At the point during the COVID-19 outbreak the study was performed in the China. It was considered imaging patterns of multifocal, peripheral, pure GGO, mixed GGO, or consolidation on chest CT scans. Although the air bronchogram reticular pattern was more frequently seen in patients with positive PCR results, centrilobular nodules were less frequently seen in patients with positive results. COVID-19 PCR test was positive in 5 of our cases.

Pleural effusion and lymphadenopathy were not found. Cystic changes and tree-in-bud sign were found in only one of the patients with COVID-19 according to previously published studies [15-20]. We have been followed up 11 of patients with centriacinar nodulary pattern in our Pulmonology Department for two months.
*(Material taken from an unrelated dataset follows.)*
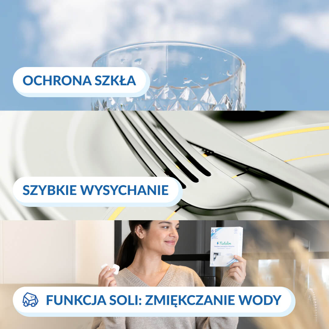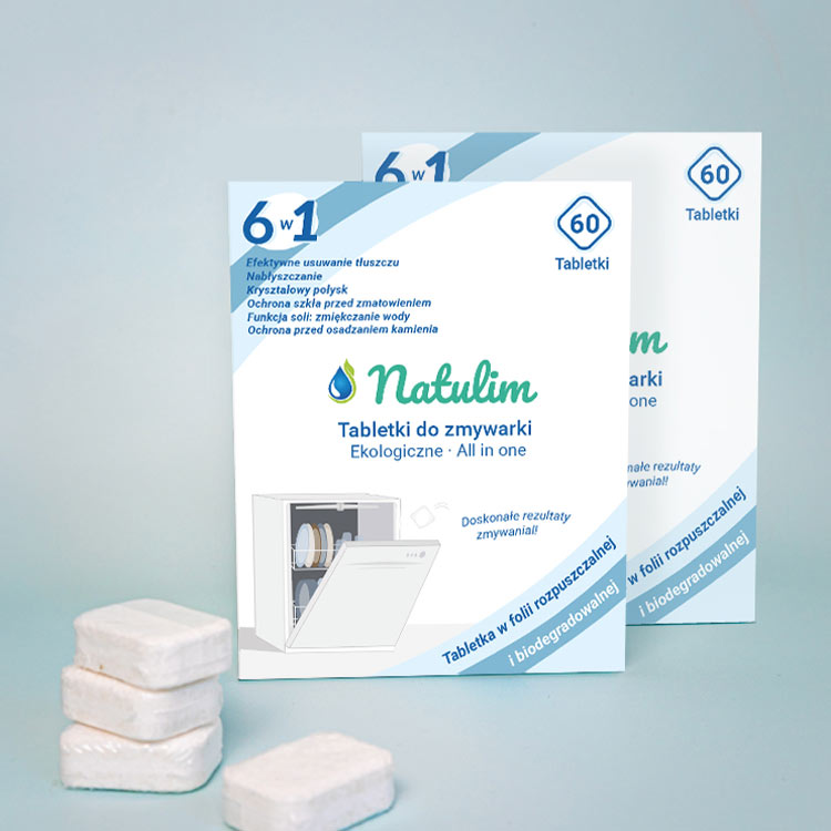 Tabletka do zmywarki zamknięta jest w biodegradowalnej folii, której nie należy wcześniej otwierać. Jest w 100% rozpuszczalna.

Our article had some restrictive factors. Some of our patients had been smoking while some had never smoked or had quit smoking for a long time. It was not determined whether patients without older Thorax CTs had respiratory bronchiolitis before COVID infection. However, all cases were consistent with symptom, clinical and laboratory values, and typical COVID-19 Pneumonia. Therefore, antiviral treatments were initiated and clinical and laboratory responses were received. Respiratory bronchiolitis is a very rare interstitial disease. Whereas, in cases followed up during the pandemic period, radiological respiratory bronchiolitis pattern was observed at a frequency of 4.9%; COVID-19 was evaluated as the image of radiological involvement. As a result; It was found in previous studies that thorax CT had higher sensitivity than PCR in detecting COVID-19 infection [15]. However, it was suggested that CT should not be taken in asymptomatic patients in published series. Because, when appropriate clinical and laboratory not accompanied, other disease findings were shown to mimic COVID-19 Pneumonia. We presented our 11 cases who were admitted to our clinic with the COVID-10 infection clinic and were a rare pattern in COVID-19. Thus, we wanted to emphasize the need for evaluation in terms of COVID-19 Pneumonia in patients presenting with this CT finding.